= PROBLEM =
All of the data below should be repeated exactly. Pictures should not be included.

= INPUT DATA =

┏━━

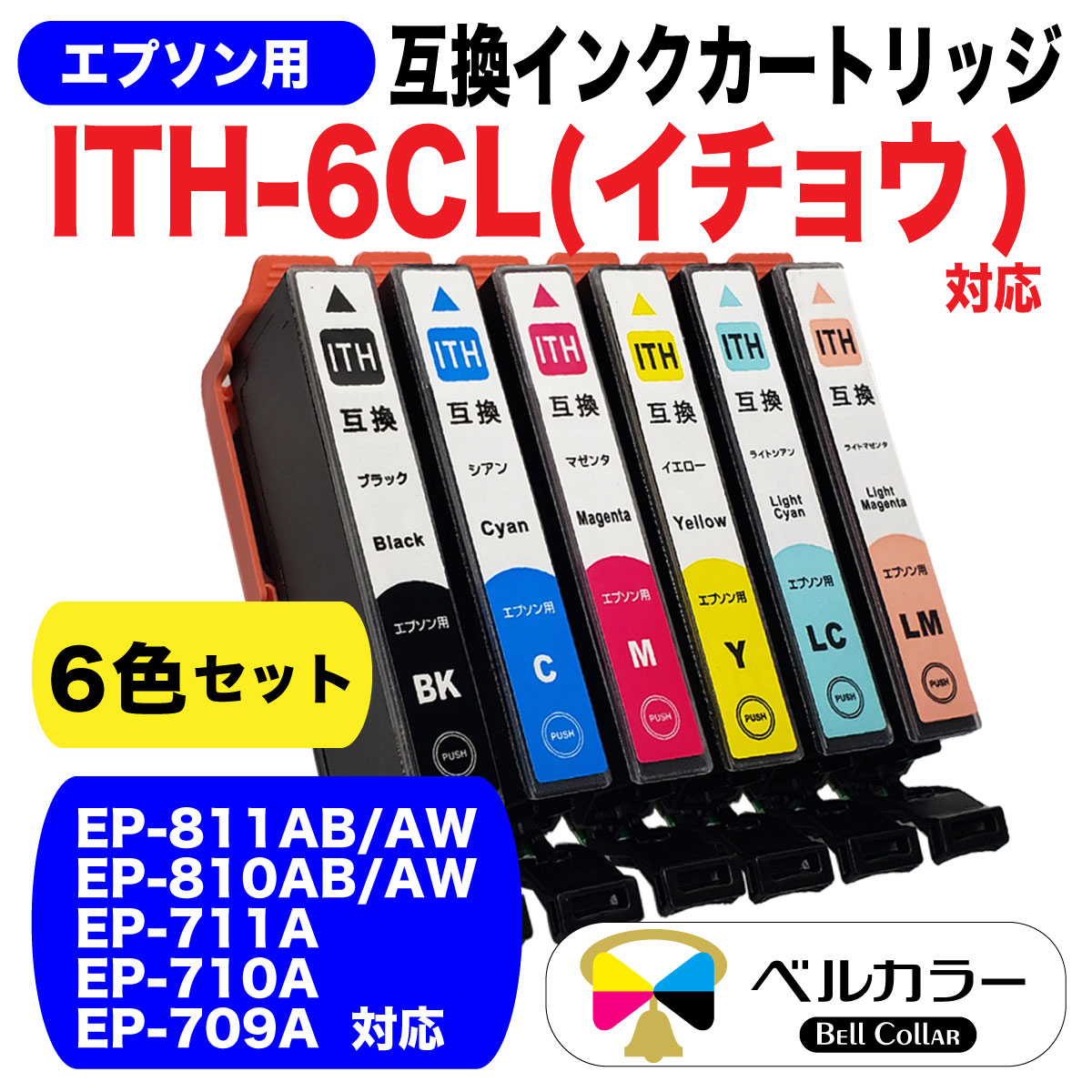 イチョウ ITH-6CL エプソン Epson EP-811AB / EP-811AWなど 対応 互換インクカートリッジ 6色セット 3年保証 ベルカラー製
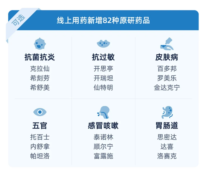 门诊原研药免费新增82种,疗效更好,比如我们常用的希舒美、达喜、开瑞坦等,日常用药品质直接拉满。
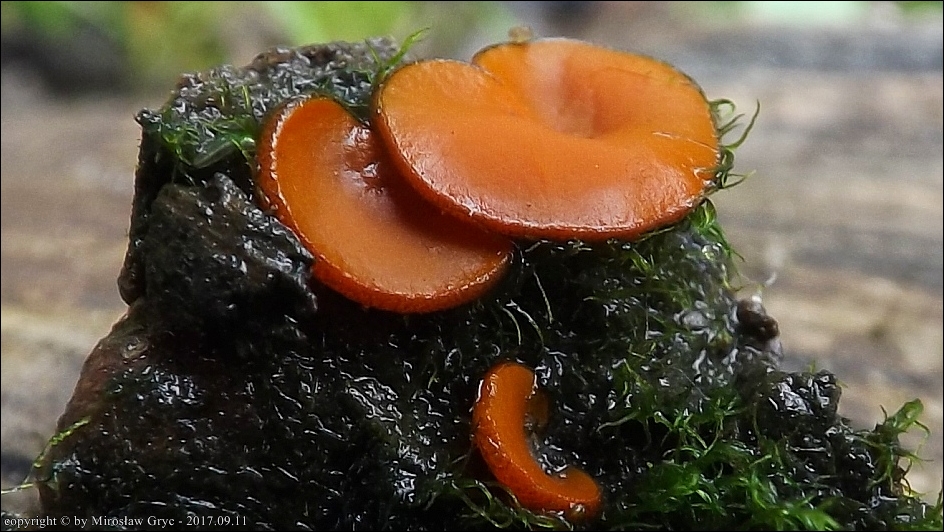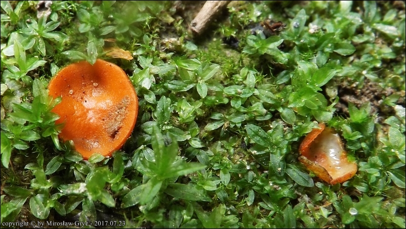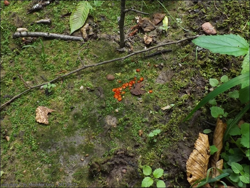 Substrat: Kilka owocników na wilgotnej ziemi wśród mchów.

┗━━

= ANSWER BELOW =
 イチョウ ITH-6CL エプソン Epson EP-811AB / EP-811AWなど 対応 互換インクカートリッジ 6色セット 3年保証 ベルカラー製
 门诊原研药免费新增82种,疗效更好,比如我们常用的希舒美、达喜、开瑞坦等,日常用药品质直接拉满。
 Substrat: Kilka owocników na wilgotnej ziemi wśród mchów.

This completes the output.